Yards were cleared of dogs. In one instance a soldier presented his gun to shoot a dog which had fled to its mistress's feet for protection. Had not an officer ordered him to desist, death might have been the result to the lady (Mrs. Robert Ford). Firearms were taken away and destroyed, a great many thrown into the Catawba River. The poultry was all taken. Bacon, flour, cornmeal, corn and provisions of all kinds removed. Every locked door was forced open, gin houses (cotton gins), and cotton burnt in every instance. This much was done by the first installment. Late in the evening they put pontoon bridges across the river and a part of the army went over in the afternoon of the 22nd. It rained and the water rose and broke the pontoons. By the morning of the 23rd the encampment reached from Caldwell's Cross Roads on both roads to Rocky Mount Ferry. The six days and nights that the army spent there was a time of much sorrow and fear to the ladies and few old men who were at home.
Gen. Jeff. C. Davis, of the U.S. Army, had his headquarters of Robert Ford for twenty-four hours. He drove Mrs. Ford, her aged mother-in-law, and the children of the family from her room to an open portico to spend the night, an unpleasantly cold and wet one. He occupied her room, much to her discomfort. Gen. Davis traveled in a fine silver mounted carriage drawn by two fine white steeds, stolen on the march. His meals were served on silver waiters.

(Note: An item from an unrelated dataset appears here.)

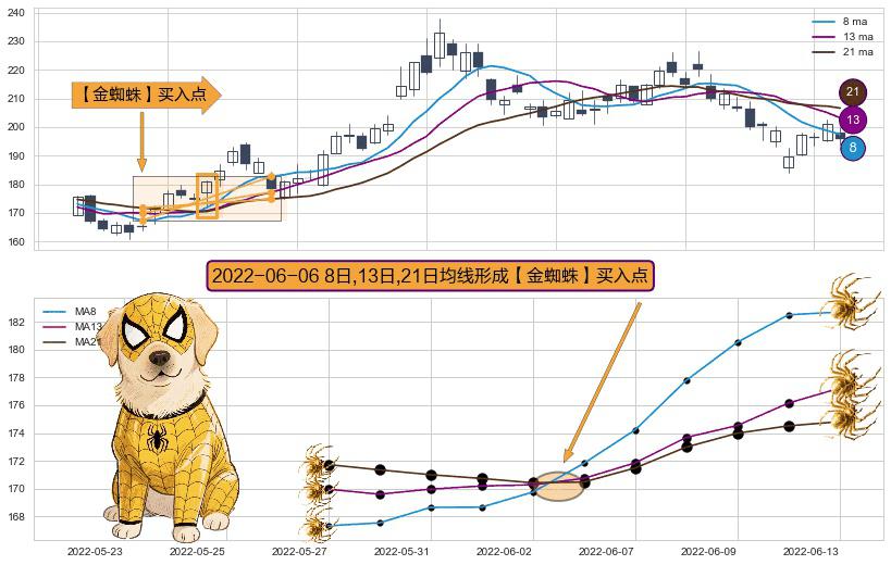 ⚀ 2022-06-06日显现 8日-13日-21日均线 【金蜘蛛】买入点 看多信号,后市看涨,买入
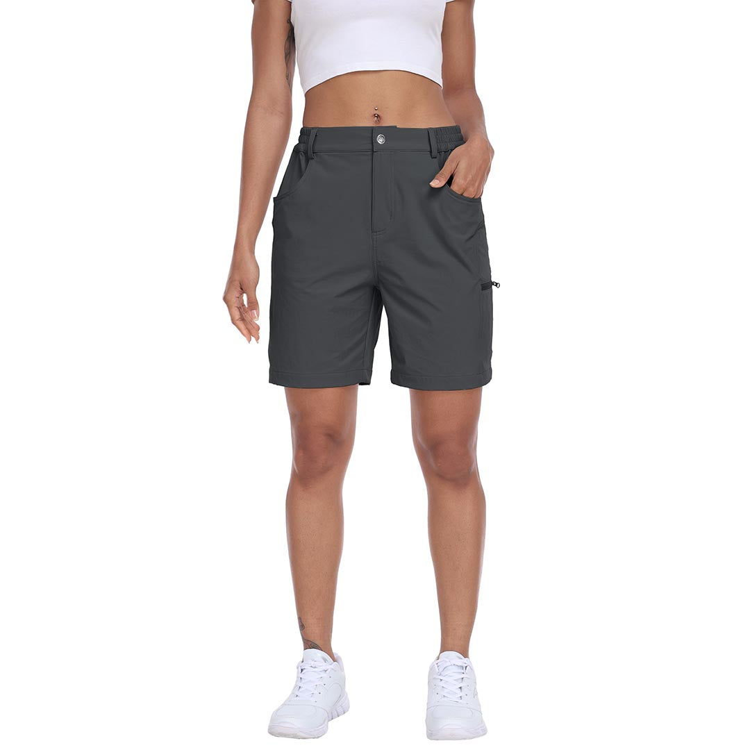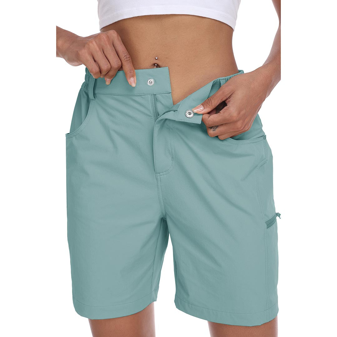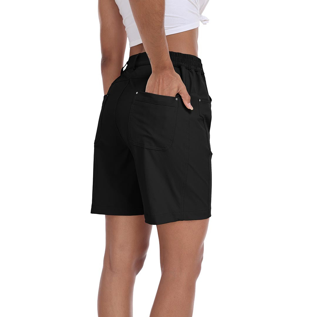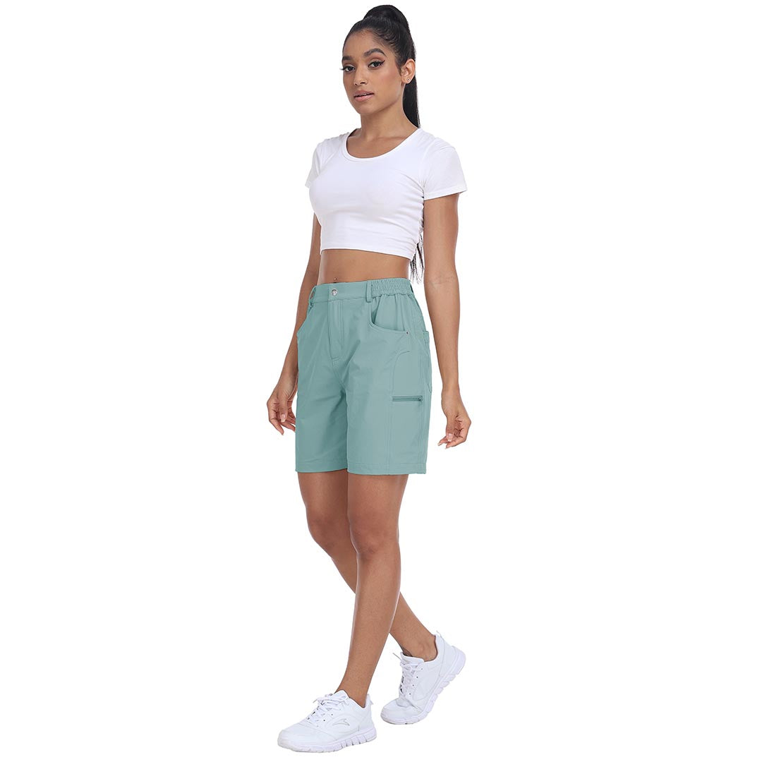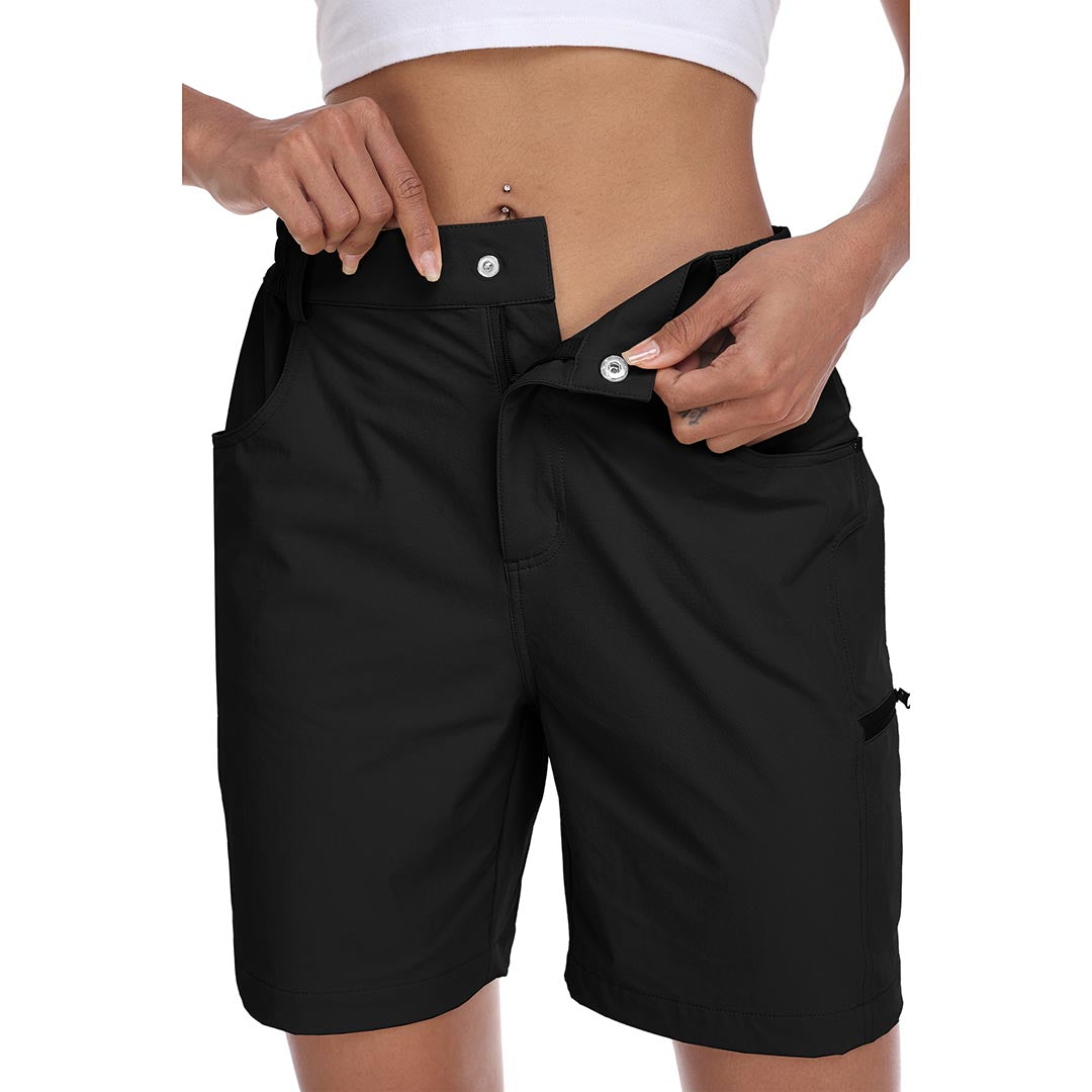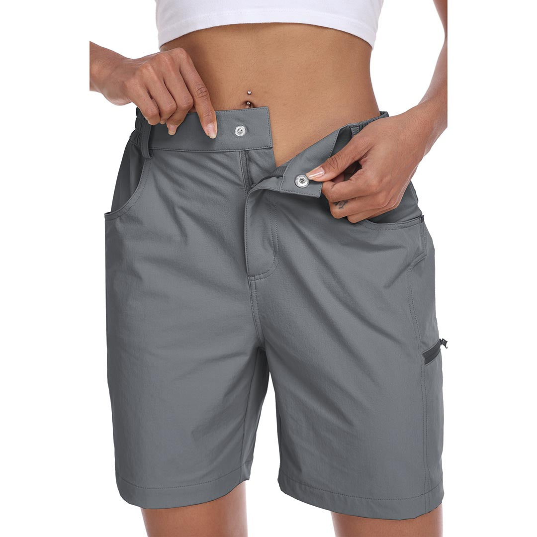 The partial elastic waistband of the womens cargo shorts is designed to ensure a greater fit when you wear them, giving you a customized comfort for your hiking trips.

Gen. Sherman traveled through this vicinity on horseback, and save the wanton destruction of property, did nothing to render himself obnoxious. He had burnt ten buildings belonging to Mrs. Robert Ford, among them a large barn and stable. Several secret efforts were made to burn the dwelling house, but it was saved through the efforts of an Indiana private soldier, whose name I would be glad to mention if it were known. The family of Mrs. Ford had a steadfast friend in the chief of artillery. He found some Masonic articles about the house and asked Mrs. Ford if her husband was a Mason. On being answered in the affirmative, he had the house and yard cleared of pillagers, gathered a few provisions and sent them in, and placed a guard over the premises. Then he moved he left a paper which he hoped would be some protection, but there was but little left then to protect.
The Yankee soldiers shot down all kinds of stock, destroyed all farm implements and burnt the fencing. During the six days stay at Rocky Mount, they foraged the country for miles, going in squads of from four to ten, sometimes without arms. Gen. Sherman's headquarters were near the Barkley mansion. He treated the ladies in this section politely.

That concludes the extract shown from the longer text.